By Jeremy T. Rodriguez, JD
We have a client that retired on 1/2/2019 and he was over 70.5. He was not required to take his RMD in 2018 from his 401k since he was still working (he did take his 2018 RMD from his IRA). He rolled that 401k into his IRA this year (which was allowed in his plan since he retired in 2019), so we are trying to determine what his IRA RMD amount should be for this year. Should we calculate based on the 12/31/18 value of his 401k, or the amount that was rolled over into his IRA this year? We are thinking it would be the 12/31/18 value, but wanted to verify.
Thank you for the help,
RMDs from qualified plans, like the 401(k), and IRAs cannot be aggregated. That means you would calculate the RMD from the IRA using the 12/31/18 account balance, which would not include the 401(k) rollover. The 401(k) RMD would be determined using the plan account balance as of the same date. However, you’ve got an additional problem; the 401(k) RMD should not have been rolled over into the IRA. Instead, it should have been distributed before the rollover. That means you have an excess contribution. Thus, in addition to distributing the 401(k) RMD that was rolled over, you will also have to calculate the earnings on that amount and distribute those funds prior to October 15, 2020 to avoid the 6% penalty.
Do you have any suggestions on how to reduce the tax burden on traditional IRA withdrawals? I’m 66 and reaching the age when RMD’s kick in and I’m wondering if there is any advantage to taking withdrawals earlier to lower RMDs and avoid higher tax brackets.
Can you answer my question or point me in the right direction? Any insight you can offer would be greatly appreciated.

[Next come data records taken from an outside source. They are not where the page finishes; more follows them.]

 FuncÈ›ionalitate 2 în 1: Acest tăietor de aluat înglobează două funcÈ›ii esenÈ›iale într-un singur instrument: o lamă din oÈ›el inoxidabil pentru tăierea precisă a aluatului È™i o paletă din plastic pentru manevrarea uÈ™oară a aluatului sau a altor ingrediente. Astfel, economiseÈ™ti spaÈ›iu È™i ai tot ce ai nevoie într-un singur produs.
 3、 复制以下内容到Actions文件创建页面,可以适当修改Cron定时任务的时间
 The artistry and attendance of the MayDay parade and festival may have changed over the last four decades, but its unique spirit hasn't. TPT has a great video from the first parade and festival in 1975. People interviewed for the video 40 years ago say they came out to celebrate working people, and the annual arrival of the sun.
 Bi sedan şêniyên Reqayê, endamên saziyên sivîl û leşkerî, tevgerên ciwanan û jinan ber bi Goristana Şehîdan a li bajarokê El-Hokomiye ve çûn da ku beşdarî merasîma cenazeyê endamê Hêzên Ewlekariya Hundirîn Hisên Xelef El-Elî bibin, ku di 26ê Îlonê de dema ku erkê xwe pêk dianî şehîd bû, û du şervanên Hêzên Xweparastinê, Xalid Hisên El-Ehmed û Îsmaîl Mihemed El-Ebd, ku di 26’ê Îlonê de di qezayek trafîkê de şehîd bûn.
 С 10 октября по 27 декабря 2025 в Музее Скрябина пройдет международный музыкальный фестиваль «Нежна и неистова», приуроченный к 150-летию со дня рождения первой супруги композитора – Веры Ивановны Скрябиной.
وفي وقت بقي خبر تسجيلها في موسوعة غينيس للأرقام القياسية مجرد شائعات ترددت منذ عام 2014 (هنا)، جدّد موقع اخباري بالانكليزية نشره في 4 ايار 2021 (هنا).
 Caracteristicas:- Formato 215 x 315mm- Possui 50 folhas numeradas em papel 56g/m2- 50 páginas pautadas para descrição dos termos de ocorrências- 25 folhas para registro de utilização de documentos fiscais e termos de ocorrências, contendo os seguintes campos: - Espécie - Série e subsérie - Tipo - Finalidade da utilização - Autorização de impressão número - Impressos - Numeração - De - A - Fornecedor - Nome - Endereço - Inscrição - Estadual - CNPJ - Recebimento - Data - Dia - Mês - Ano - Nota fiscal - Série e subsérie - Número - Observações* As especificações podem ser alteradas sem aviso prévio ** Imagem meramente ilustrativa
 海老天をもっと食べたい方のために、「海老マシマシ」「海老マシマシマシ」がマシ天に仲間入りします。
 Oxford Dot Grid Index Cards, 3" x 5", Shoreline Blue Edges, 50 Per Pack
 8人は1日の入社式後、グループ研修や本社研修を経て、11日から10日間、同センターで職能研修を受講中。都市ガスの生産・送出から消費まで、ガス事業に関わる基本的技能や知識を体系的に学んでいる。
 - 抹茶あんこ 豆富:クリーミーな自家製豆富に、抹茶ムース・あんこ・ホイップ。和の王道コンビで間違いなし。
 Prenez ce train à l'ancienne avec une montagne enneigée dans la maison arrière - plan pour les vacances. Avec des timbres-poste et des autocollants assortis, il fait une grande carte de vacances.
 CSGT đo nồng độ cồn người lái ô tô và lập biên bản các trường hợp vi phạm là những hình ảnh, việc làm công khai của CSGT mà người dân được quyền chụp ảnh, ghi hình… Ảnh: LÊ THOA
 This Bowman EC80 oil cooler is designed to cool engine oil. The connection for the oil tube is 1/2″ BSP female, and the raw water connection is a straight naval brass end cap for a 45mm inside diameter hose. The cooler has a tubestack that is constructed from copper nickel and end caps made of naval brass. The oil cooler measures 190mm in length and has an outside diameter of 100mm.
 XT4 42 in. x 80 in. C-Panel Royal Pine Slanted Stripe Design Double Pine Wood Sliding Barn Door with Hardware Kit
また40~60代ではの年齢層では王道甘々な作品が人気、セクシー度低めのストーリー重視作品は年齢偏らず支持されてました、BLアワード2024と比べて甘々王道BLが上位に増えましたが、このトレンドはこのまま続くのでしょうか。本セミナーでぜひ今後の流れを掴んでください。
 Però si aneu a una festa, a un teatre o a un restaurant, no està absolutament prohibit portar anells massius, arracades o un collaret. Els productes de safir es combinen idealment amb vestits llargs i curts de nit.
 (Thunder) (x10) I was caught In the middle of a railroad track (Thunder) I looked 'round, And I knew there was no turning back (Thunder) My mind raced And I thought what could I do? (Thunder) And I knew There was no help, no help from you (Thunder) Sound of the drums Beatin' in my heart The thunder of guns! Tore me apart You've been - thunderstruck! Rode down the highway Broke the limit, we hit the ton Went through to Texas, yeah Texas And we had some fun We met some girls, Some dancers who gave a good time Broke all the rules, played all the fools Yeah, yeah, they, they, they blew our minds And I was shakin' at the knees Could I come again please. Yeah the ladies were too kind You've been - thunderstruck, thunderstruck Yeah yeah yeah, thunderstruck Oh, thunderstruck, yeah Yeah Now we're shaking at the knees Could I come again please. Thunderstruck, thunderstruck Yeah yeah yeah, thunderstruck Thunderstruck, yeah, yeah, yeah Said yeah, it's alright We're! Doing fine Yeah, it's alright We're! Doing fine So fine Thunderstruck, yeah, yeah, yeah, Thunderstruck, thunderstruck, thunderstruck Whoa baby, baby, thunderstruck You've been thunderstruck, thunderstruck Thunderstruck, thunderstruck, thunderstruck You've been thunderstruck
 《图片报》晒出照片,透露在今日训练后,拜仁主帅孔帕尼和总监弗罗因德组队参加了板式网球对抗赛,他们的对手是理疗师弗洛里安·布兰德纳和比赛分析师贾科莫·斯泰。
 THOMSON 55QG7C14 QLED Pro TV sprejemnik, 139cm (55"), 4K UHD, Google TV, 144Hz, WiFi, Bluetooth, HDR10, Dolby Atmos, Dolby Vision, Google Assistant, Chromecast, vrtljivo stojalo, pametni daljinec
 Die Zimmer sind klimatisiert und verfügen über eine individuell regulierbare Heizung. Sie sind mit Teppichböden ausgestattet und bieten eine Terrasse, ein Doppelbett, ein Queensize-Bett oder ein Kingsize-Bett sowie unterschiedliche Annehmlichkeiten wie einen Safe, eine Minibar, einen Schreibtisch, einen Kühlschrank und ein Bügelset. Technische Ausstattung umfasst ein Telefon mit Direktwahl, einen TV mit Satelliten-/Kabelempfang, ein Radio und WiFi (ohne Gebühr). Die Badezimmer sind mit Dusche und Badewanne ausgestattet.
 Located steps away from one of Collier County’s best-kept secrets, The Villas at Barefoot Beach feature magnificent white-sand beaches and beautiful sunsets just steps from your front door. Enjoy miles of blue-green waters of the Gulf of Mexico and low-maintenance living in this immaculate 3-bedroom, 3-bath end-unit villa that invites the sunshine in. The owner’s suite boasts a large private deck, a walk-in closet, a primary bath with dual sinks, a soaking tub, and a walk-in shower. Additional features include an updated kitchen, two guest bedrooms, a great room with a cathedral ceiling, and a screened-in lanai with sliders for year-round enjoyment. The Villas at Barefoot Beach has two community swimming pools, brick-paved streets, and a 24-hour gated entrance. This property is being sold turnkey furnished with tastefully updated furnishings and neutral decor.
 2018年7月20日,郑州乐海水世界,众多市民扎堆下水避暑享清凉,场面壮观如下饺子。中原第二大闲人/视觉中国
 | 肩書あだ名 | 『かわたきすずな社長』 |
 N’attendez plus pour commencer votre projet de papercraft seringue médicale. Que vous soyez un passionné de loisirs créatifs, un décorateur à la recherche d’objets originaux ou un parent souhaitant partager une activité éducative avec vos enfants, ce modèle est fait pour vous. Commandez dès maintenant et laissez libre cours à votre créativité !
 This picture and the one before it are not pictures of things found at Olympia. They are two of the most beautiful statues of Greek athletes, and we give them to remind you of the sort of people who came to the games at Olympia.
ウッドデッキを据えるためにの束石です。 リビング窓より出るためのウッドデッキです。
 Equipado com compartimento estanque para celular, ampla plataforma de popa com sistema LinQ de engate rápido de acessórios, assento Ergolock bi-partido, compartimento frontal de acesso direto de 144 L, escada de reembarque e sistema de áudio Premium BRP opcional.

Taking withdrawals early is certainly an option. You are in what we call the “sweet spot.” During this time, you aren’t subject to Required Minimum Distributions, so you are not forced to take a distribution. However, you also aren’t subject to the early distribution penalty if you do decide to take a distribution. Therefore, this is the optimal time to begin planning for retirement. Another option would be to convert all, or a portion, of your IRA to a Roth IRA. Remember, Roth IRA owners do not have to take RMDs during their lifetime. Strategic partial conversions over the next few years, if done properly with the help of your tax and financial advisors, can accomplish many things. You can potentially stay in a lower tax bracket, begin the process of paying taxes on your traditional IRA, reduce future RMDs, and ultimately pass tax-free dollars to your beneficiaries!